Even When We’re Apart (Special Taecyeon’s Birthday)

Main cast:

  • Ok Taecyeon ‘2PM’

Support cast:

  • 2PM’s other member
  • Sunmi ‘Wonder Girls’
  • Jessica Jung ‘SNSD’

Rating: PG-13

Genre: Romance, Friendship

Length: Oneshot

Note: Yak, pertama-tama saya pengen mengucapkan selamat ulangtahun buat suami tercinta Ok Taecyeon! Semoga makin seksi, makin sukses dengan 2PM, dan panjang umur. Saranghae, oppa! *plak*

***

            “Selamat hari Natal semua!” Nichkhun berteriak girang sambil mengangkat botol sampanye. Semua orang bersorak. Suara sorakan itu makin menggema begitu Nichkhun mulai mengocok botol sampanye itu dan membuka tutup botolnya dengan tiba-tiba.

            Suara desisan minuman itu mengiringi gelak tawa semua orang. Ya. Semua orang tertawa saat itu. Kecuali aku.

            Di asrama, semua orang sedang berkumpul. Jinyoung hyung, seluruh member 2PM, dan juga staff agensi JYP. Kami merayakan hari Natal bersama. Mereka bersemangat. Tapi aku bahkan tidak bisa merasakan semangat Natal sama sekali.

            Aku kesepian. Entah karena apa.

            Aku terenyak di sofa sambil menonton TV sementara yang lain mulai menikmati makanan dan sampanye mereka masing-masing. Chansung tiba-tiba menghampiriku. Dia duduk disampingku dan merangkul bahuku.

            “Hyung, mengapa kau diam saja? Ayo kita makan!” katanya.

            Aku tersenyum tipis kearahnya lalu menggeleng. “Ani. Kalian makan saja duluan. Aku belum terlalu lapar. Jika aku lapar, aku pasti makan.”

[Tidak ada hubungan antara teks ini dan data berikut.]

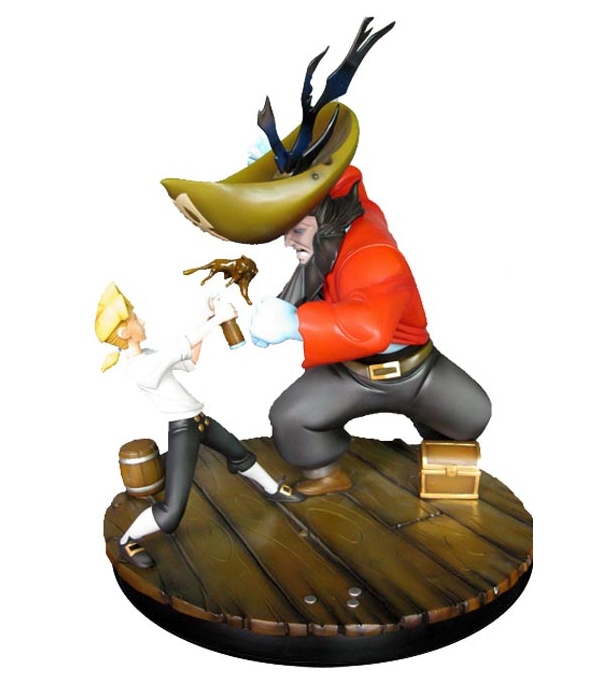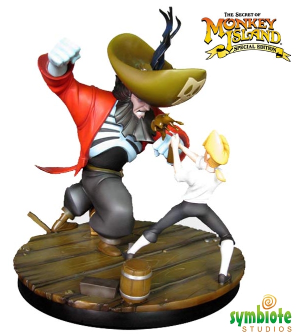 The 10" tall statue is based off the classic Monkey Island video game series and is brought to you with 3D flare thanks to the art of the Monkey Island Special Edition. The piece depicts the epic battle between Guybrush Threepwood and the Pirate LeChuck. The statue art was created by Dela Longfish and the package was designed by Curt Rapala.
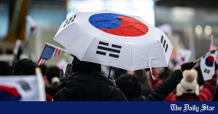 Um defensor do presidente sul-coreano de impeachment, Yoon Suk Yeol, segurando um guarda-chuva com a bandeira sul-coreana, participa de um comício perto de sua residência em Seul, em 6 de janeiro de 2025. Foto: AFP

            Chansung menatapku ragu. Dia tidak yakin. Tapi pada akhirnya dia bangkit juga lalu menepuk bahuku. “Baiklah, terserah hyung saja. Tapi jangan sampai lupa makan, hyung!”

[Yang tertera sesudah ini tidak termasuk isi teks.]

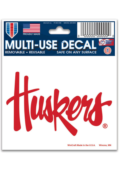 Product Details Product Details 3x4 Multi-UseSticks to indoor and outdoor surfacesRemovable and reusableNo residue left behind when removedVINYLUSA Officially Licensed This Cornhuskers Decal features a team logo in team color.

            Aku mengangguk. Chansung berlalu.

            Aku kembali menatap layar TV, tapi pikiranku tidak disitu. Dua hari lagi ulangtahunku. Tidak terasa waktu berlalu begitu cepat. Entah kenapa, aku mulai merasa muak. Aku tidak ingin waktu cepat berlalu. Aku ingin kembali ke masa lalu. Aku ingin kesana.

***

            Beberapa tahun yang lalu. 2009.

            Masa yang sulit untuk kami. 2PM. Melepaskan leader kami, Jaebum hyung. Aku ingat saat semua orang mulai mencacinya karena skandalnya saat dia mengatakan hal yang buruk tentang Korea.

            Tapi aku yakin Jaebum hyung tidak bermaksud seperti itu. Aku tahu dia mengalami masa-masa yang sulit saat itu. Aku, Jaebum hyung, dan Nichkhun adalah orang asing saat kali pertama kami menjadi trainee di agensi JYP.

            Kami mulai kesulitan beradaptasi dengan budaya dan pola kehidupan di Korea. Nichkhun mulai mengeluh padaku. Jaebum menyusul. Kami bertiga sering berdiskusi semalaman. Memikirkan hal-hal yang tidak kami sukai disini. Kami bertiga sepaham dan sepakat untuk saling menyimpan rahasia ini.

            Tapi keadaan semakin menekan kami saat Jinyoung hyung menyuruh kami untuk berkumpul di ruang latihan. Semua trainee ada saat itu. Aku mulai menyadari ada yang salah begitu Jinyoung hyung tidak menyambut kami sebagaimana biasanya. Dia tidak tersenyum sama sekali.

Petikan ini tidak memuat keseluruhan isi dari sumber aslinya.